▸ SUPPLIED DATA:
===

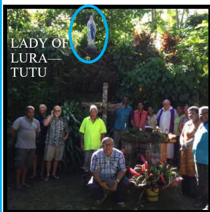
LADY OF LURA—TUTU

Good wishes for a happy and holy Easter to all confreres and your communities. To all our benefactors and friends, a blessed Holy Week and a jubilant Easter!!
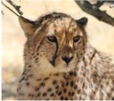
1. Female/2 years-old
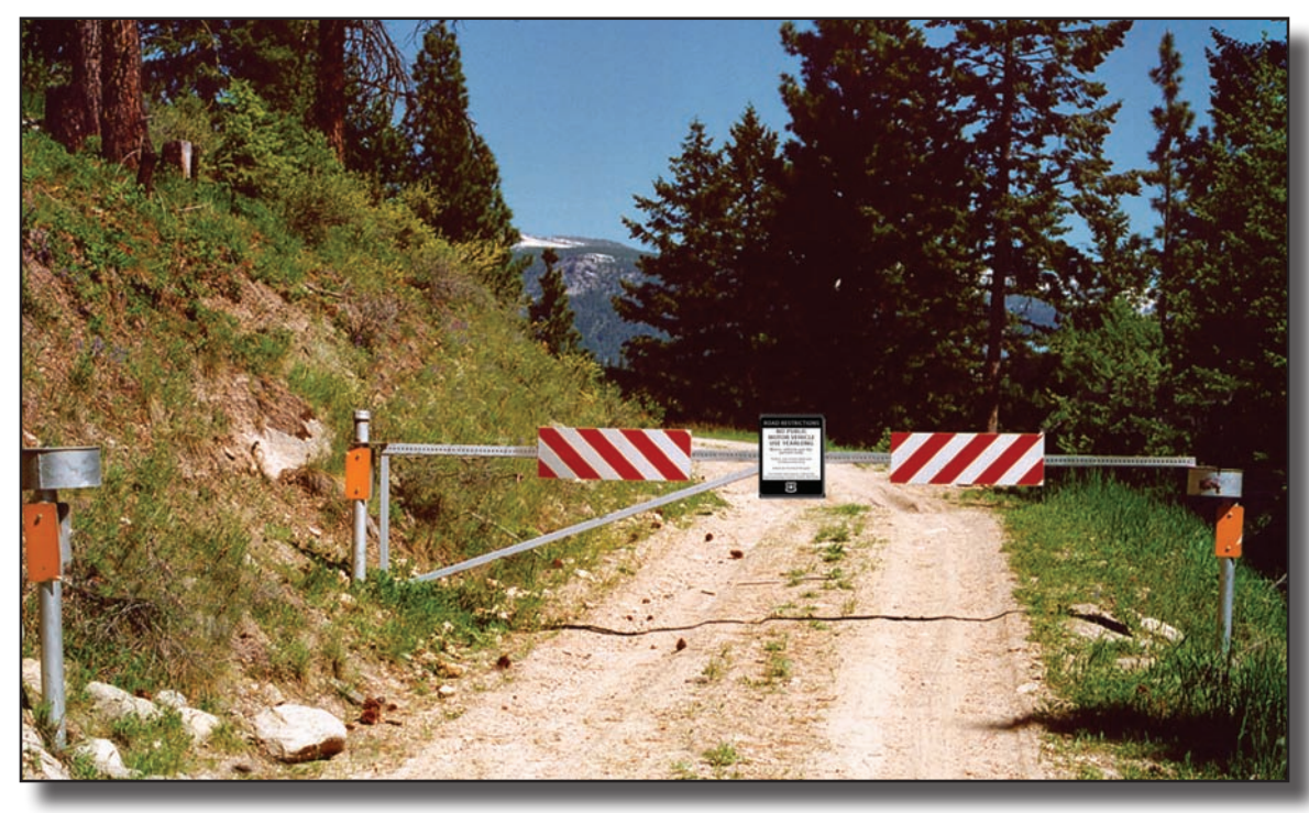
Figure 23—Maintenance level 2 single-lane road with native surfacing that has motor vehicle use restricted by a gate. The surface and shoulders of this maintenance level 2 road are adequate for access by high-clearance vehicles at low speeds, and there is no evidence of significant environmental damage. A gate is an appropriate closure devise for maintenance level 2 roads that temporarily restrict all motor vehicle use or that are managed as administrative use only roads. If motorized or nonmotorized use, such as bicycles, occurs behind a gate, the back side may require signing also.

===

▸ DIRECTIONS FOR THIS TASK: In the listing above, find the line with "Good wishes for" and the line with "1. Female/2 years-old". Transcribe those two and everything between, exactly, leaving out pictures.

▸ RESULT OF THE TASK:
Good wishes for a happy and holy Easter to all confreres and your communities. To all our benefactors and friends, a blessed Holy Week and a jubilant Easter!!
1. Female/2 years-old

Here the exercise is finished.